▶ Data section:

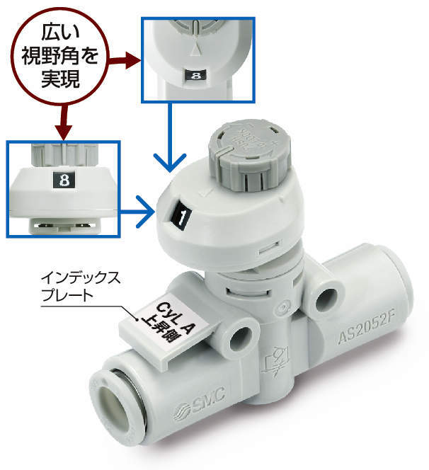 ・面当てストッパ(回転ストッパ)の採用により全閉 時(流量0)のハンドル 位置が常に一定。
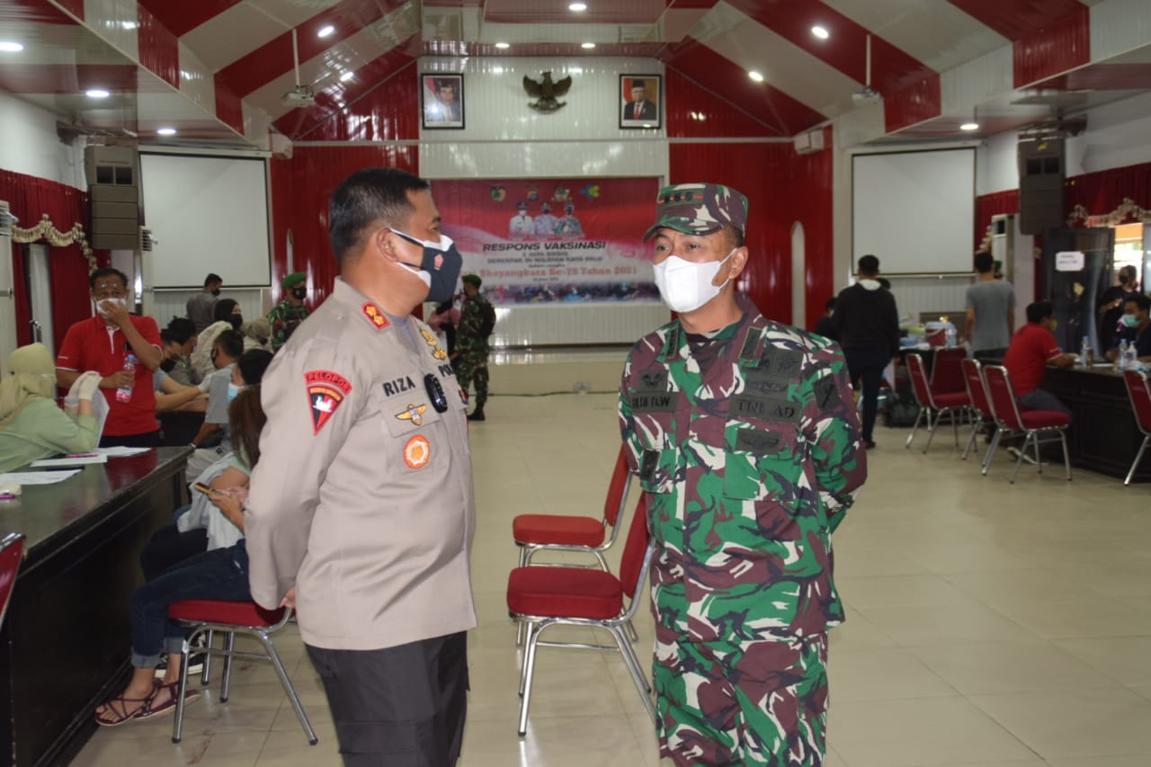 Suluhmerdeka.com – Kapolres Palu AKBP Riza Faisal bersama Dandim 1306 Donggala Kolonel Inf.Heri Bambang Wahyudi ,S.IP mengecek pelaksanaan vaksinasi Covid-19 secara massal yang dilaksanakan di Gedung Torabelo Polres Palu, Jalan Samratulangi No.78 Palu , Sabtu 26 Juni 2021 Pukul 08.30 Wita
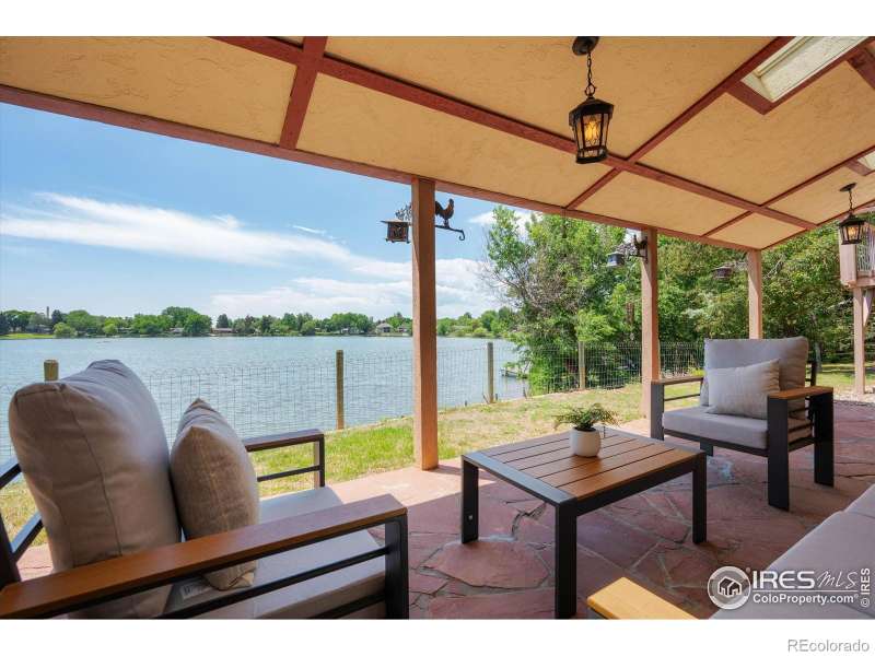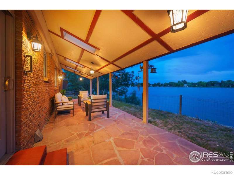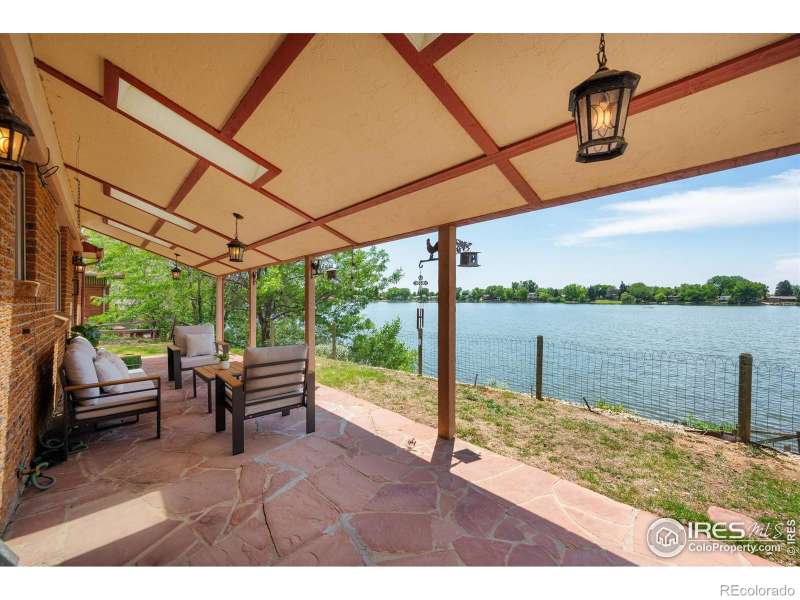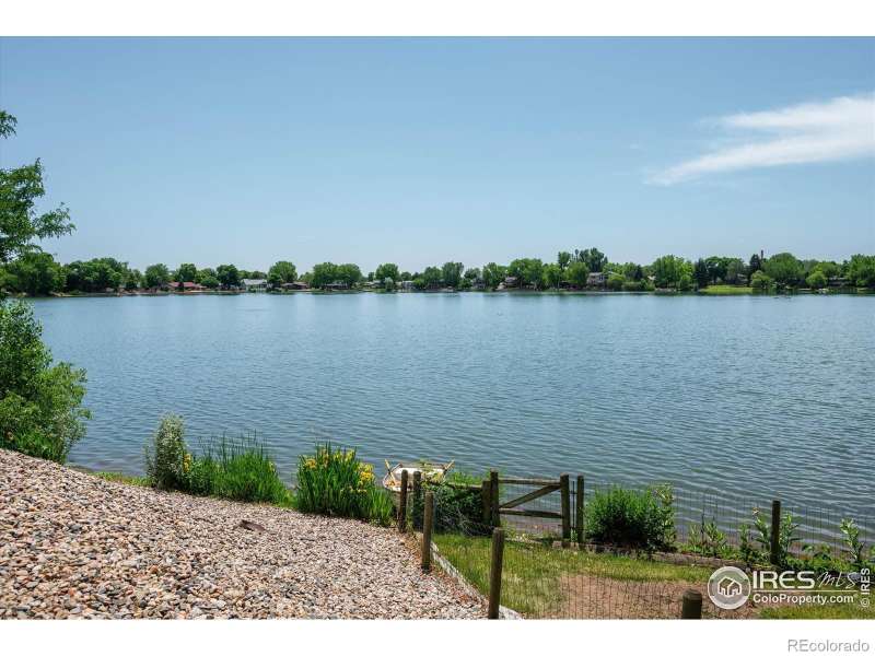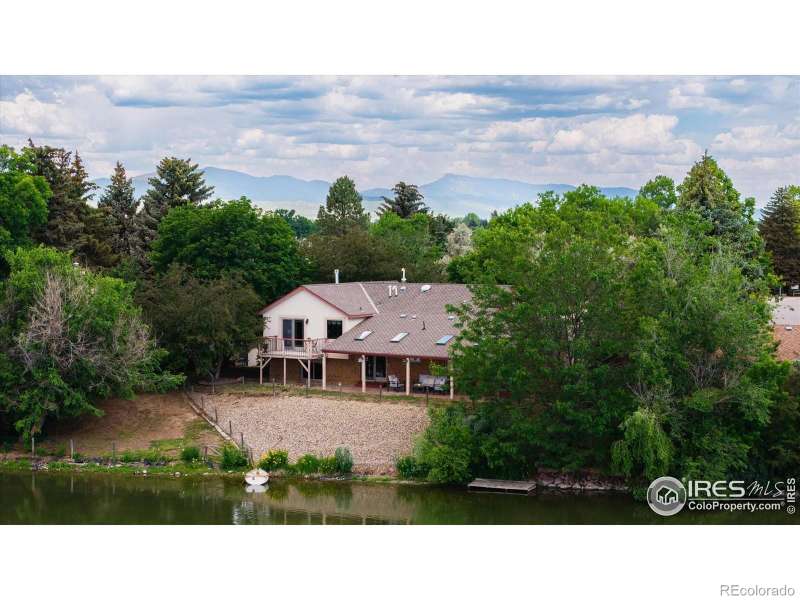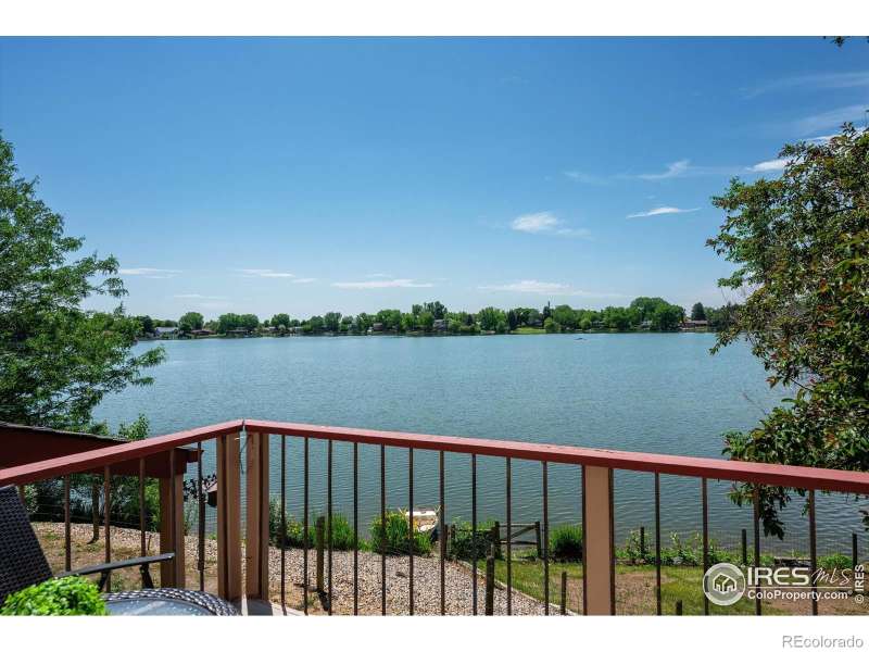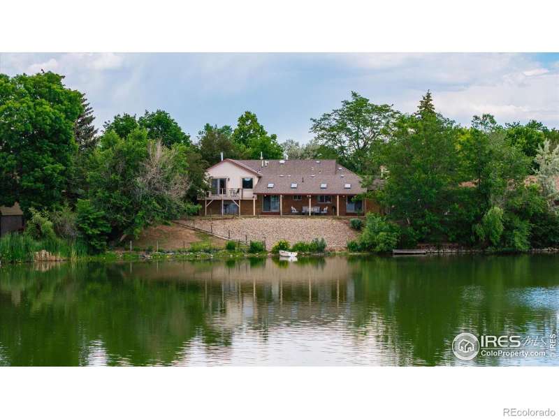 This lakefront property in Loveland is quaint, quiet, and magical! Tucked away at the end of a peaceful cul-de-sac and surrounded by mature trees, the home feels like a private oasis-yet it's just minutes from downtown Loveland, with quick access to Hwy 287 and Hwy 34. The home's show-stopper is its outdoor living. The backyard features two stunning spots to take in the water: one, a large covered patio with skylights and plenty of space for seating, dining, and grilling; and two, a private balcony off the primary suite overlooking the lake. And the private lake isn't just for looks-exclusive access allows residents to enjoy it with non-motorized boats. You can paddle, kayak, and even go fishing all from your backyard. Inside, you'll appreciate all the potential. Enjoy panoramic lake views from nearly every room in the house. Vaulted ceilings with distinctive beam work and built-in shelving flanking the cozy fireplace add architectural charm and warmth. Upstairs, the spacious primary suite features its own fireplace, loads of natural light, and a private balcony overlooking the water-perfect for peaceful mornings or relaxing evenings. The 5-piece en-suite bath includes a generously sized walk-in closet (nearly 12' x 7') complete with natural light. The lower level offers a versatile living space or rec room, an additional bedroom, and a full bathroom. A two-car garage with extra storage space completes this one-of-a-kind property. This home is full of potential-you must see it to truly appreciate just how relaxing and beautiful this lakefront rarity is.

▶ Exercise requirements:
When you retype the listing above, keep each line exactly as written and drop the pictures.

▶ Solved problem:
 ・面当てストッパ(回転ストッパ)の採用により全閉 時(流量0)のハンドル 位置が常に一定。
 Suluhmerdeka.com – Kapolres Palu AKBP Riza Faisal bersama Dandim 1306 Donggala Kolonel Inf.Heri Bambang Wahyudi ,S.IP mengecek pelaksanaan vaksinasi Covid-19 secara massal yang dilaksanakan di Gedung Torabelo Polres Palu, Jalan Samratulangi No.78 Palu , Sabtu 26 Juni 2021 Pukul 08.30 Wita
 This lakefront property in Loveland is quaint, quiet, and magical! Tucked away at the end of a peaceful cul-de-sac and surrounded by mature trees, the home feels like a private oasis-yet it's just minutes from downtown Loveland, with quick access to Hwy 287 and Hwy 34. The home's show-stopper is its outdoor living. The backyard features two stunning spots to take in the water: one, a large covered patio with skylights and plenty of space for seating, dining, and grilling; and two, a private balcony off the primary suite overlooking the lake. And the private lake isn't just for looks-exclusive access allows residents to enjoy it with non-motorized boats. You can paddle, kayak, and even go fishing all from your backyard. Inside, you'll appreciate all the potential. Enjoy panoramic lake views from nearly every room in the house. Vaulted ceilings with distinctive beam work and built-in shelving flanking the cozy fireplace add architectural charm and warmth. Upstairs, the spacious primary suite features its own fireplace, loads of natural light, and a private balcony overlooking the water-perfect for peaceful mornings or relaxing evenings. The 5-piece en-suite bath includes a generously sized walk-in closet (nearly 12' x 7') complete with natural light. The lower level offers a versatile living space or rec room, an additional bedroom, and a full bathroom. A two-car garage with extra storage space completes this one-of-a-kind property. This home is full of potential-you must see it to truly appreciate just how relaxing and beautiful this lakefront rarity is.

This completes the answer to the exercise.